La versión que llegó hasta nosotros omite decir si llevaba poncho aunque es probable.

-Anoche vino tu padre a visitarme, le murmuró la vieja sin mirarlo a los ojos. Me golpeó la ventana para decirme que hoy te tratara bien.

-Usted sueña mucho vieja. Tiene que hacer como su hija, que se quedó despierta hasta el amanecer.

-Me preguntó cuál era tu caballo. Esta noche quiere cabalgar contigo.

-Es un buen caballo y puede aguantar el peso de un muerto. Hasta esta noche, vieja.

La noche de luna llena y nubes de tormenta que nunca se hacen lluvia estaba demasiado fresca. “Me estoy poniendo viejo”, piensa Belisario en el preciso momento de entrar en la cantina.  

Un mostrador inseguro sostiene hombres cansados por un largo día de trabajo y meses de fuga hacia ninguna parte, gastados por la historia que los embosca sin respiro y no logran entender, hombres fatigados por huidas de lugares que olvidaron a sabiendas. Sin orden se mezclan entre la sed de whisky barato, cerveza tibia y el mezcal alucinante. Nada nuevo en apariencia, están allí dispuestos los incondicionales de siempre y unos pocos extraños vestidos como ratas de alcantarilla, siempre más que la vez anterior. 

En la frontera inestable la reputación se sustenta gritando o insultando a granel con las manos en la cintura,  más al estar confrontado con forasteros solitarios de mirada sin vida; sabedores que nunca serán héroes porque no tienen tierra que conquistar, gente que los siga ni bandera que los reclame. 

Huelen que la muerte los ronda como una novia renga.

El año por si interesa era 1873.

El dulce español derrotado en la guerra pasada es bueno cuando se cantan serenatas, para gritar en burdeles y cantinas es preferible el áspero idioma de los gringos. 

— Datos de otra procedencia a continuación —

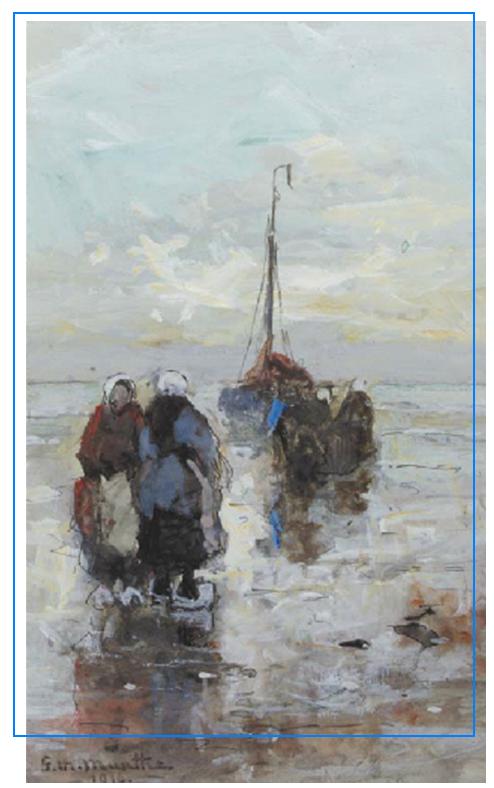 Dit schilderij is getiteld “Vissersvrouwen op het Strand van Katwijk”. Op de achterkant is een label geplakt met daarop: “In herinnering aan de aangename kennismaking Zomer 1916 te Noordwijk aan Zee. G.Morgenstjerne Munthe / Thea M.Munthe”.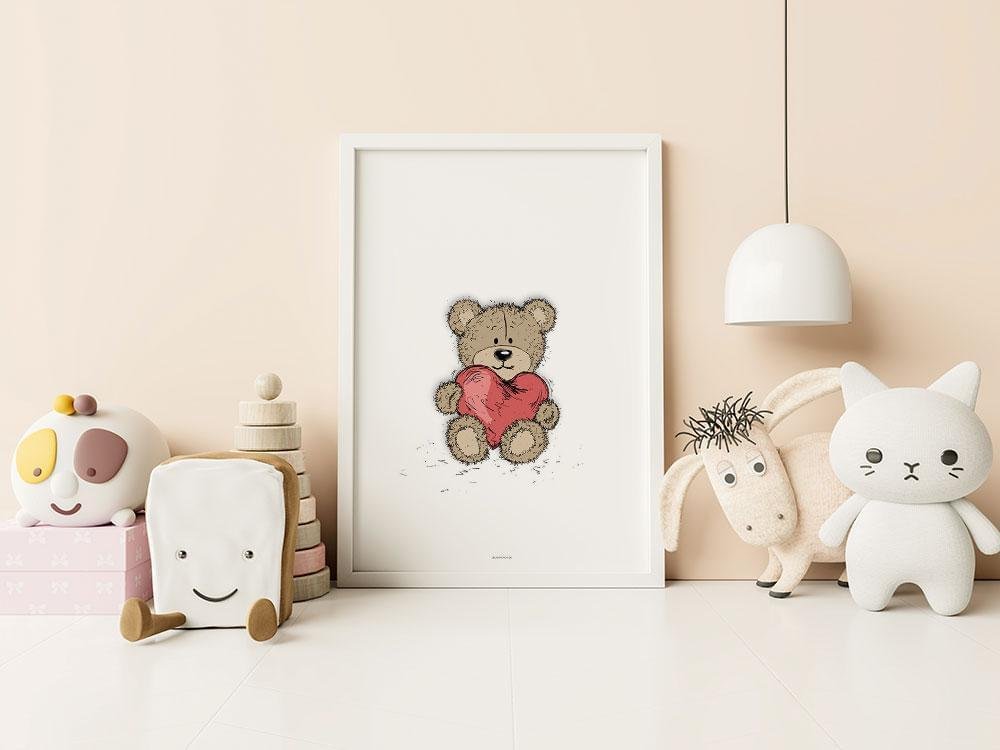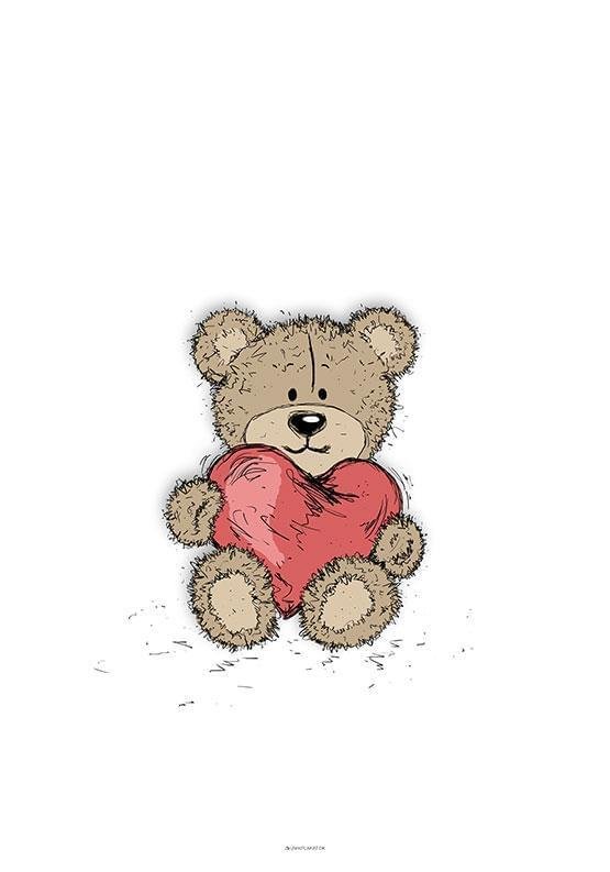 Casual lines nallebjörn med hjärta poster

Diego entró y saludó provocando, algo así como las buenas noches. después dijo a todos los gringos hijos de perra, que en México quiere decir hijos de puta.

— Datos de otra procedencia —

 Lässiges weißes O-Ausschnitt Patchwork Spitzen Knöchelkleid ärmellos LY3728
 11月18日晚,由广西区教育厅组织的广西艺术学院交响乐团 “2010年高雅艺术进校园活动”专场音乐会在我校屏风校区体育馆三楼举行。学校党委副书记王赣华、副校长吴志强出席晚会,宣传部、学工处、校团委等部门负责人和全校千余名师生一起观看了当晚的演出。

De algún lugar salió el estampido que resonó en las memorias durante mucho tiempo.

El vientre asombrado de Diego Belisario Villagrán aceptó sin resistencia el calor plúmbeo de la primera bala que resultó la última. Igual, antes de desplomarse en la tumba el desconcertado mexicano alcanzó a ver, bajo el aspecto ridículo de un predicador evangélico vestido con harapos, un niño endemoniado de unos quince años. De pelo sucio color zanahoria, con un revolver humeante en la mano y que no se dignaba mirarlo a él Belisario Villagrán, que ya era un hombre muerto.

El ruido que hizo Diego al caer pareció el segundo balazo innecesario del incidente.

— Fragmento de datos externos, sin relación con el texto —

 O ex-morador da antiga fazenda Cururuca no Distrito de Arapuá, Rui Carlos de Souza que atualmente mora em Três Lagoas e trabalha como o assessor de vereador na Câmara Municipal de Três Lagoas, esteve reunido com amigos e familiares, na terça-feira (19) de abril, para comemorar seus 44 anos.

A pocas leguas del lugar de los hechos narrados un cochinillo se asaba a fuego lento. La vieja que movía los tizones sabía lo sucedido en Llano Estacado.

El autor del disparo traicionero respondiendo al saludo desafiante y se presentó a los testigos como Bill Harrigan oriundo de New York. 

Con desdén rechazó la sugerencia de hacer con una navaja una muesca en la culata aduciendo que el muerto era mejicano, condición tan despreciable para un ángel de cloaca llegado de otro infierno neoyorkino como la de ser negro. Se guardó en el bolsillo la navaja del apresurado alcahuete y esa noche durmió junto al cadáver del mejicano con cara de india vieja.

Cuando el muchacho se despierte será Billy the Kid.

El Diego por fortuna para su orgullo interrumpido no tuvo una agonía prolongada, a él no lo afeitaron ni lo exhibieron como a fenómeno en vidrieras de las barberías de Llano Estacado, tampoco esperaron al cuarto día para enterrarlo.

La mañana que el gringo asesino se marchó del pueblo tres campesinos confiscaron el cuerpo hinchado de Villagrán para enterrarlo lejos. En New México cuando se supo de su muerte lo lloraron en secreto muchas muchachas. Nadie encontró su caballo a pesar de que lo buscaron por toda la comarca; tal vez por eso en noches de luna menguante cuentan que lo ven galopando sin brida, rumbo para donde asoma el sol llevando dos jinetes con apariencia de espectro sobre el lomo.